_Problem statement_.
The material below should be copied line for line, please, with pictures omitted.

_Data extract_.
▼

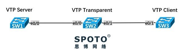 2. SW1为VTP Server模式,SW2为VTP Transparent模式,SW3为VTP Client模式,Domain名为 SPOTO, VTP密码为 P@s5w0rd ,使用VTP 版本2
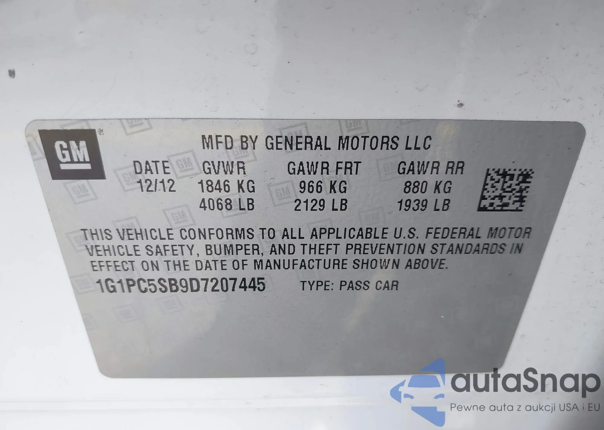 LOT: 43310061 VIN: 1G1PC5SB9D7207445
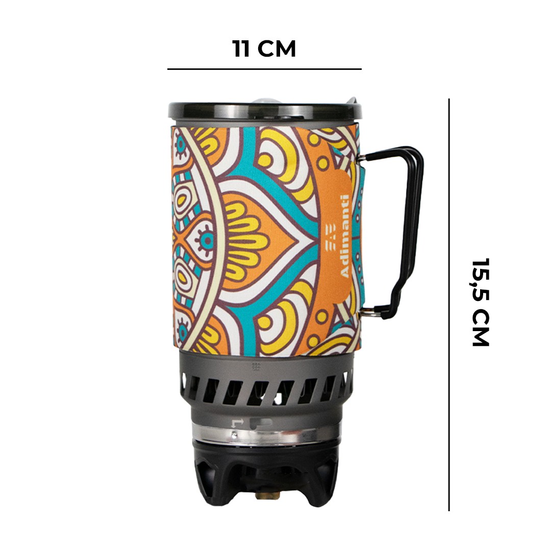 Горшок объёмом 1400 миллилитров изготовлен из твёрдого анодированного алюминия. Размеры изделия составляют: диаметр равен 110 миллиметрам, а высота – 155 миллиметрам. Горшок обеспечен мягкой крышкой из термопластичного эластомера с отверстием для кофе, не содержит BPA. Складная ручка из нержавеющей стали с силиконовым покрытием. Ультразвуковая сварка без заклёпок на котле. Алюминиевый теплопередатчик и лобовое стекло. Снаружи горшка для защиты предусмотрена чёрная неопреновая прокладка.

▲

_Response_.
 2. SW1为VTP Server模式,SW2为VTP Transparent模式,SW3为VTP Client模式,Domain名为 SPOTO, VTP密码为 P@s5w0rd ,使用VTP 版本2
 LOT: 43310061 VIN: 1G1PC5SB9D7207445
 Горшок объёмом 1400 миллилитров изготовлен из твёрдого анодированного алюминия. Размеры изделия составляют: диаметр равен 110 миллиметрам, а высота – 155 миллиметрам. Горшок обеспечен мягкой крышкой из термопластичного эластомера с отверстием для кофе, не содержит BPA. Складная ручка из нержавеющей стали с силиконовым покрытием. Ультразвуковая сварка без заклёпок на котле. Алюминиевый теплопередатчик и лобовое стекло. Снаружи горшка для защиты предусмотрена чёрная неопреновая прокладка.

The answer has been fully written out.